Radioagência NP: Hoje o Brasil tem cerca de 550 mil presos, disputando 300 mil vagas. Como resolver essa questão da superlotação?

Julita Lemgruber: O problema da superlotação no Brasil tem causas que precisam ser resolvidas. Aqui no Rio nós fizemos uma pesquisa e mostramos que de cada três presos provisórios, dois estavam presos ilegalmente. Então, você tem um problema muito grande para solucionar, que é manter na prisão, realmente, somente aquelas pessoas cuja privação da liberdade respeita os limites da lei. O que não é o caso do Brasil na questão dos presos provisórios.

As nossas prisões estão entupidas de presos que cometeram delitos sem violência, que poderiam ser punidos com penas diferentes da pena de prisão.

Têm estados no Brasil que 50% dos presos estão ilegalmente. Isso mutirões, até do CNJ, já soltaram milhares de presos no Brasil em diferentes estados que estavam presos de maneira ilegal. A gente tem um dever de casa que não está sendo feito.

Radioagência NP: O que a senhora tem a dizer sobre a duração do contrato de concessão, de 27 anos?

Julita Lemgruber: O que está acontecendo nos EUA hoje: alguns estados estão fechando penitenciárias, porque com a queda da criminalidade nos últimos 20 anos, ficam vagas ociosas em muitas penitenciárias. Como então que o estado faz um contrato de 27 anos? É um contrato no escuro. Ninguém sabe como a criminalidade no Brasil vai estar daqui a 20 ou 30 anos e, se realmente, a gente vai precisar dessa quantidade de vagas.

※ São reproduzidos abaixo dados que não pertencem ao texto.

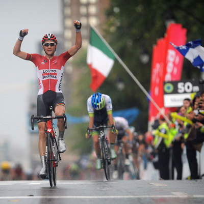 14.09.2015 | (rsn) – Tim Wellens (Lotto Soudal) hat beim GP de Montréal seine herausragende Spätform eindrucksvoll unter Beweis gestellt. Der Gewinner der Eneco Tour bezwang am Sonntag im zweiten der beiden kanadischen WorldTour-Rennen nach 205,6 Kilometern durch die französischsprachige Provinz Québec im...

Se a gente mantiver na prisão só quem realmente e legalmente deve ali ser mantido; se a gente investir em penas alternativas para presos não violentos;e se a gente, nos próximos 20 anos, igual nos EUA, começar a ter um declínio substantivo da criminalidade e começar a fechar prisões, o que o Estado vai fazer com esses contratos que estão amarrados por essa quantidade de anos?

Radioagência NP: Existe uma tendência de expansão desse modelo pelo território nacional?

Julita Lemgruber: A sensação que eu tenho é que a gente vai enfrentar um tsunami. Isso vai invadir o país. Semana passada, o vice- governador de São Paulo estava em Londres apresentando esse projeto. São Paulo vai entrar para esse caminho. Pernambuco já entrou, Ceará já entrou, tem vários estados já. A curto-prazo é muito atraente. Mas implica numa série de problemas em longo prazo.

De São Paulo, para a Radioagência NP, José Francisco Neto.